■ **Assignment**: From the listing below, reproduce exactly the lines starting with the one with "وأفاد المرصد السوري" and going on through the one with "diens ont quitté", both ends kept. No picture is copied.
════════════════
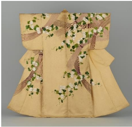
No.9 能装束〈鬱金地垣夕顔模様縫箔〉
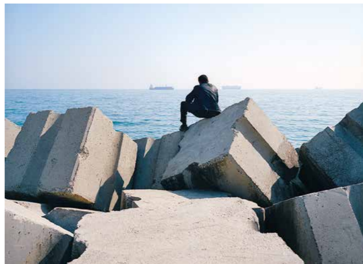
Kader Attia, Rochers Carrés , 2008. Series of silver prints.

Das Symposium „Planetarische Utopien – Hoffnung, Sehnsucht, Imagination in einer post-kolonialen Welt“ ist ein Versuch, sich ausgehend vom (Nicht-)Ort der Planetarität eine postimperiale Politik vorzustellen. Dazu müssen wir uns auf die Offenheit planetarischer Utopien einlassen und nicht nur über das nachdenken,
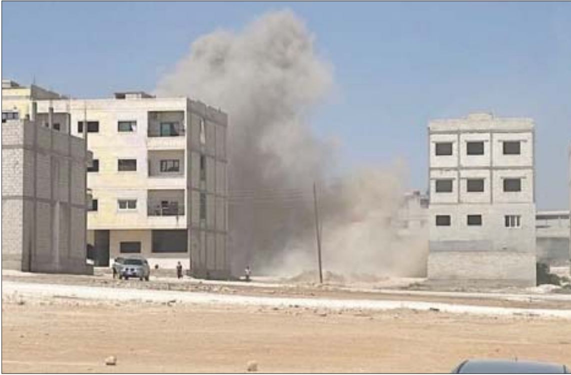
صورة نشرها «المرصد السوري» للقصف التركي على عين العرب (كوباني) وريفها الثلاثاء،

وأفاد المرصد السوري لحقوق الإنسان، بوقوع استهداف جوي تركي لمنطقة تضم نقطة عسكرية تابعة لقوات النظام في تل جينة الواقعة بريف عين العرب، شرق محافظة حلب، وسط تحليق لطيران حربي في الأجواء التركية. وتقع المنطقة عند الحدود مع تركيا مباشرة. في الوقت ذاته، أطلقت 4 قذائف هاون باتجاه مدينة غازي عنتاب من المناطق الخاضعة لسيطرة قسد شرق نهر الفرات، شمال شرقي سوريا، سقطت في حقول خالية في بلدة كاركاميش، ولم تتسبب في إصابات. وقال والي غازي عنتاب داود غل، في بيان، إنه تم الرد على الهجوم بالمثل، وأصدرت بلدية غازي عنتاب تحذيرا للمواطنين لعدم
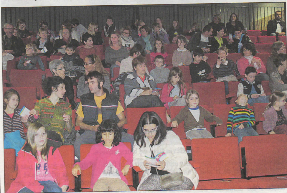
Petits et grands ont apprécié le spectacle.

diens ont quitté la scène et ont rejoint les participants pour discuter et partager les pâtisseries offertes par les parents d'élèves de l'école et les boissons offertes par le foyer rural.
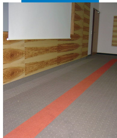
Esempio di utilizzo di Primer G prima della stesura di Ultraplano Eco e dell'adesivo Rollcoll per l'incollaggio della moquette nelle stanze dell'albergo - Villa Hotel Castellani - Austria
════════════════
■ **Exercise output**:
وأفاد المرصد السوري لحقوق الإنسان، بوقوع استهداف جوي تركي لمنطقة تضم نقطة عسكرية تابعة لقوات النظام في تل جينة الواقعة بريف عين العرب، شرق محافظة حلب، وسط تحليق لطيران حربي في الأجواء التركية. وتقع المنطقة عند الحدود مع تركيا مباشرة. في الوقت ذاته، أطلقت 4 قذائف هاون باتجاه مدينة غازي عنتاب من المناطق الخاضعة لسيطرة قسد شرق نهر الفرات، شمال شرقي سوريا، سقطت في حقول خالية في بلدة كاركاميش، ولم تتسبب في إصابات. وقال والي غازي عنتاب داود غل، في بيان، إنه تم الرد على الهجوم بالمثل، وأصدرت بلدية غازي عنتاب تحذيرا للمواطنين لعدم
Petits et grands ont apprécié le spectacle.

diens ont quitté la scène et ont rejoint les participants pour discuter et partager les pâtisseries offertes par les parents d'élèves de l'école et les boissons offertes par le foyer rural.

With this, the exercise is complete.